Training Tip: When to Ignore Advice

One of my earliest mentors in training gave me many immensely valuable pieces of advice.  And two that I've learned to ignore. I was thinking about this today while re-reading an old classic, Teacher as Servant: A Parable, by Robert K. Greenleaf (now out of print, but available used). So, here are two bits of advice I learned to ignore.

1. "Always perpetuate the illusion that in the classroom, you are God."

By that, I'm sure he meant to say that one must establish and maintain credibility. Once credibility is lost in a class, you seldom have the chance to regain it with that group. It's also important to maintain the authority that keeps you in control of the classroom process. But I've found it more useful to consider myself a servant of the group than its master. Yes, it's my job to maintain control; but only because they're paying me to do it, and because it serves their best interests for me to do so.

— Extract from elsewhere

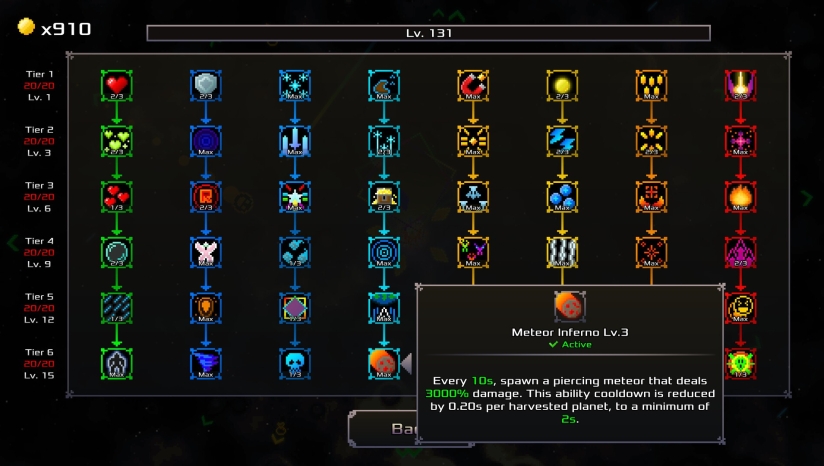 《Arcadium - Space Odyssey》最突出的特色是其无限的重复可玩性。程序生成的宇宙包含了行星、恒星、黑洞、外星生物和各种宇宙奇观,与传统静态或重复的地图截然不同。游戏内拥有数百种通过天赋、物品、文物等获得的不同能力,这些能力可以完全改变游戏玩法,玩家可以实验无数种协同效应,释放自己独特的游戏风格。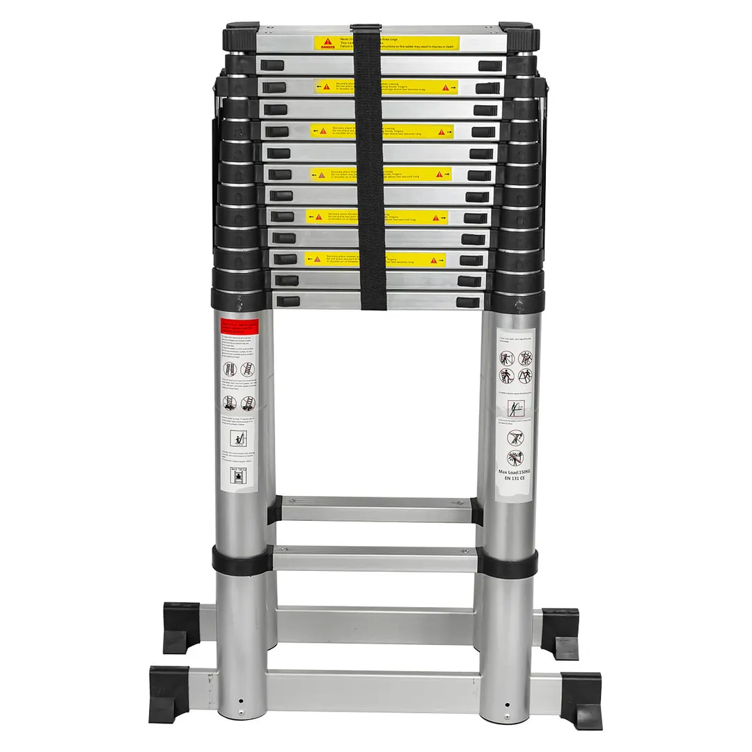 Лестница стремянка телескопическая алюминиевая, максимальная нагрузка: 150 кг. Состоит из двух секций: максимальная высота одной секции 5,4 м на 13 ступенек. Конструкция: лестница трансформер, складная, неразборная. Двухстороннее восхождение с возможностью регулировки высоты подъема. Противоскользящие накладки на ножках обеспечивают устойчивость и безопасность. Оборудована крепежным ремнем для фиксации ступенек. Оснащена фиксатором для защиты от складывания при работе. Изготовлена из алюминиевого сплава высокой прочности, обладающего коррозийной стойкостью. Применяется для проведения ремонтных, строительных и монтажных работ любой сложности. Компактные размеры в сложенном виде (для удобства хранения и транспортировки). Надежная конструкция в сочетании с высокопрочным металлом.Преимущества работы с нами

As usual, there are exceptions to every rule. I had one class that consisted entirely of highly-paid business consultants. I was told up front by their manager that it was a smart-alecky group that would give me trouble unless tightly managed. So I went in with the Top Gun approach, very authoritarian, but at the same time letting them know that "You're the best - but we're going to make you better."

2. "When you are doing class introductions, try to identify up front who the troublemakers are."

I tried this exactly once.  And I got what I expected: troublemakers. I haven't done it since. Now I expect up front that everyone in class is going to have fun, learn a lot, and contribute. It doesn't always happen that way, of course, but I think my expectations and mindset help it to happen more than it otherwise would.

The night before a class, as I'm falling asleep, I repeat to myself the affirmation (in present tense), "This is the best class I've ever had."